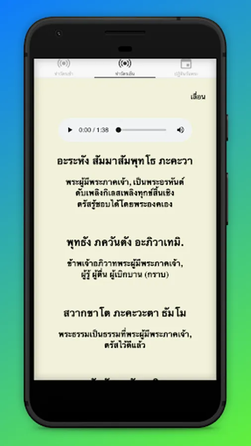 Conducting regularly, will benefit in many ways. Such as creating happiness Like being in the presence of the Lord Buddha in front of him Is a form of meditation Causing the heart to concentrate steadily
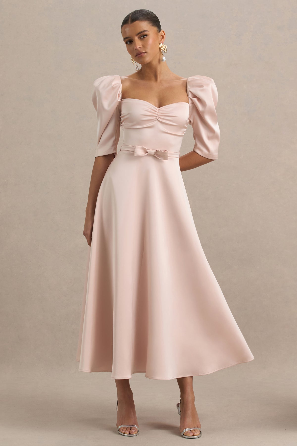 Become a vision of timeless elegance and allure in Rosey. This midi dress is cut from our premium stretch satin, in a stunning pale pink hue, offering a flawless fit for any occasion. The sweetheart neckline adds a touch of soft femininity, while the structured sleeves provide drama and sophistication. Cinching the waist with a delicate bow detail, Rosey creates a sculpted silhouette that's effortlessly chic. Whether you're attending a wedding or a glamourous dinner, this showstopping piece ensures you make an unforgettable entrance.
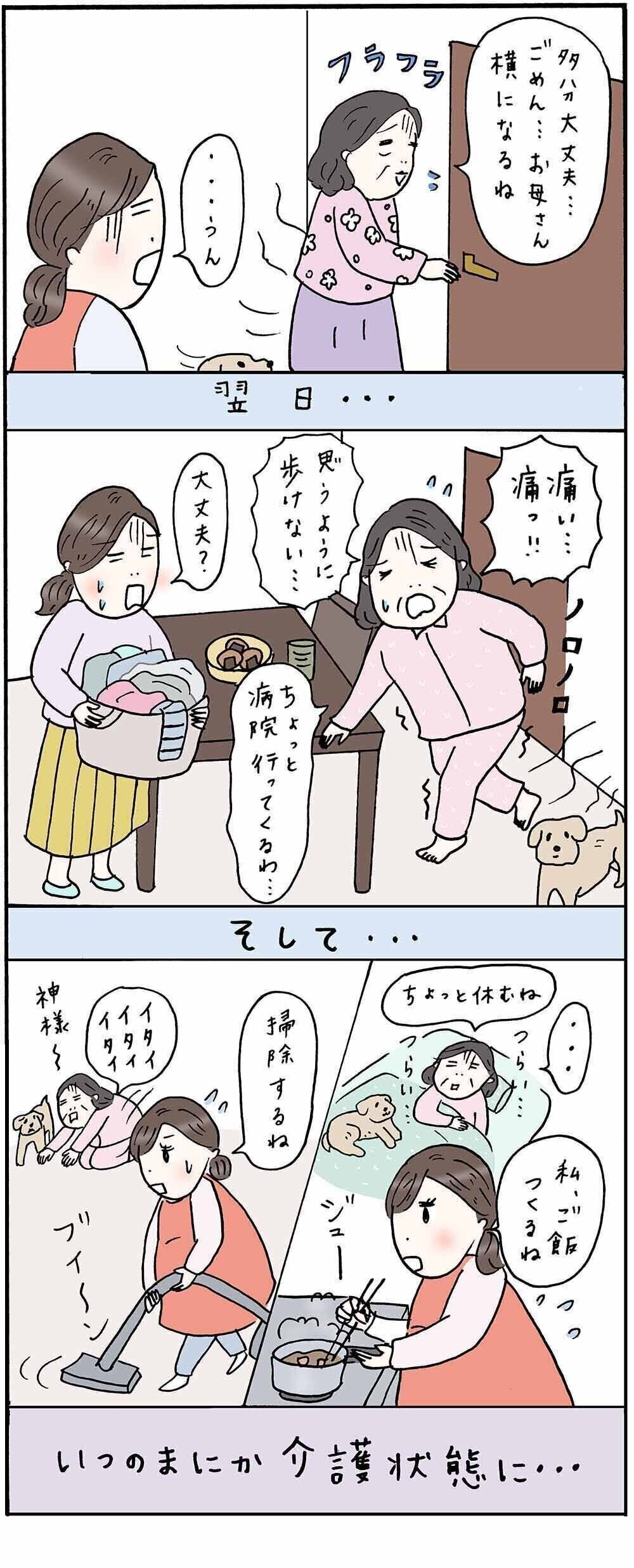 母親が転倒して、膝を強打。骨折はしていなかったのですが、定期的に注射を打って血を抜いてもらったり、立つのも辛そうでした。
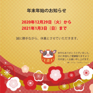 なお、誠に勝手ながら、年末年始は下記の日程で休業させていただきます。
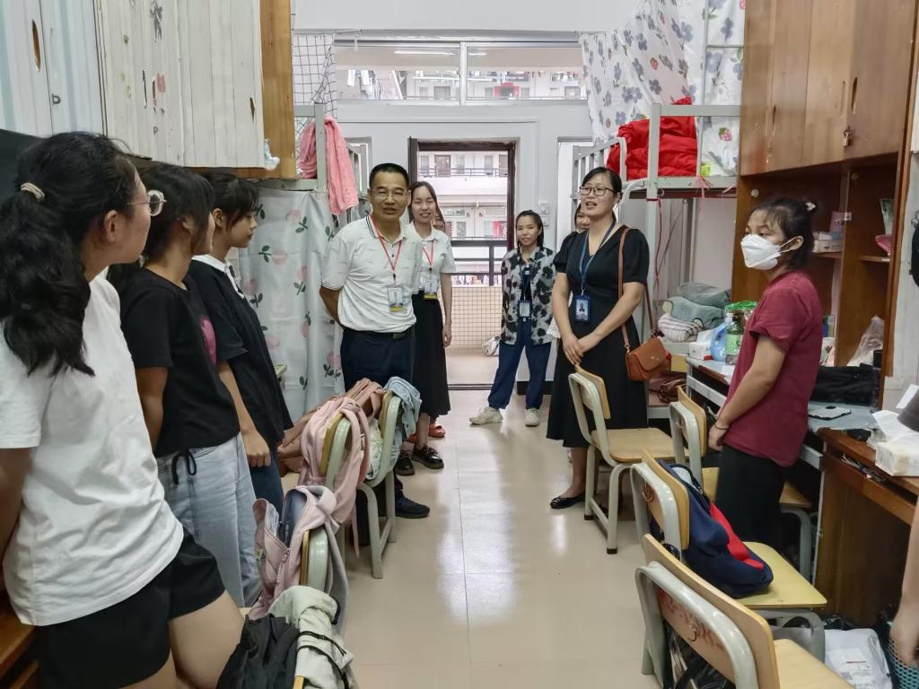 9月2日,数学与统计公司党委书记庞伟、副经理王培(主持全面行政工作)、党委副书记李秀英、党委专职组织员陈金梅等领导班子、辅导员及班主任深入宿舍走访慰问2023级新生。
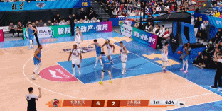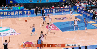 没有赵睿,北京的阵地战打不出深度,少了一个能突进去造杀伤的点,新援贝利首秀成绩不理想,半场只打了2分钟送出一记失误后就被换下。北京不想输就必须得提速,下半场山东继续主抓转换,珀赛尔开局先造2罚、谢智杰打进反击一条龙上篮、克里斯强怼周琦+罚球再得4分,4分钟山东拿到8分。
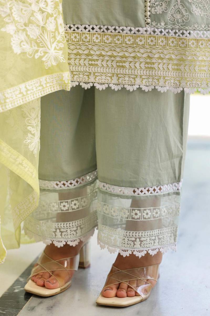 Redefine your ethnic elegance with this exquisite cotton suit collection featuring rich detailing and timeless craftsmanship. Each set includes a soft, breathable cotton top with intricate pearl work borders, paired with a matching cotton bottom with border detailing, and finished with a luxurious organza dupatta adorned with delicate Lakhnavi embroidery.

WHAT NEEDS TO BE DONE:
Line for line, output the entries above from the line with "Become a vision" to the line with "没有赵睿,北京的阵地战打不出", both included, and nothing more. Skip pictures.

RESPONSE FOR THIS EXERCISE:
 Become a vision of timeless elegance and allure in Rosey. This midi dress is cut from our premium stretch satin, in a stunning pale pink hue, offering a flawless fit for any occasion. The sweetheart neckline adds a touch of soft femininity, while the structured sleeves provide drama and sophistication. Cinching the waist with a delicate bow detail, Rosey creates a sculpted silhouette that's effortlessly chic. Whether you're attending a wedding or a glamourous dinner, this showstopping piece ensures you make an unforgettable entrance.
 母親が転倒して、膝を強打。骨折はしていなかったのですが、定期的に注射を打って血を抜いてもらったり、立つのも辛そうでした。
 なお、誠に勝手ながら、年末年始は下記の日程で休業させていただきます。
 9月2日,数学与统计公司党委书记庞伟、副经理王培(主持全面行政工作)、党委副书记李秀英、党委专职组织员陈金梅等领导班子、辅导员及班主任深入宿舍走访慰问2023级新生。
 没有赵睿,北京的阵地战打不出深度,少了一个能突进去造杀伤的点,新援贝利首秀成绩不理想,半场只打了2分钟送出一记失误后就被换下。北京不想输就必须得提速,下半场山东继续主抓转换,珀赛尔开局先造2罚、谢智杰打进反击一条龙上篮、克里斯强怼周琦+罚球再得4分,4分钟山东拿到8分。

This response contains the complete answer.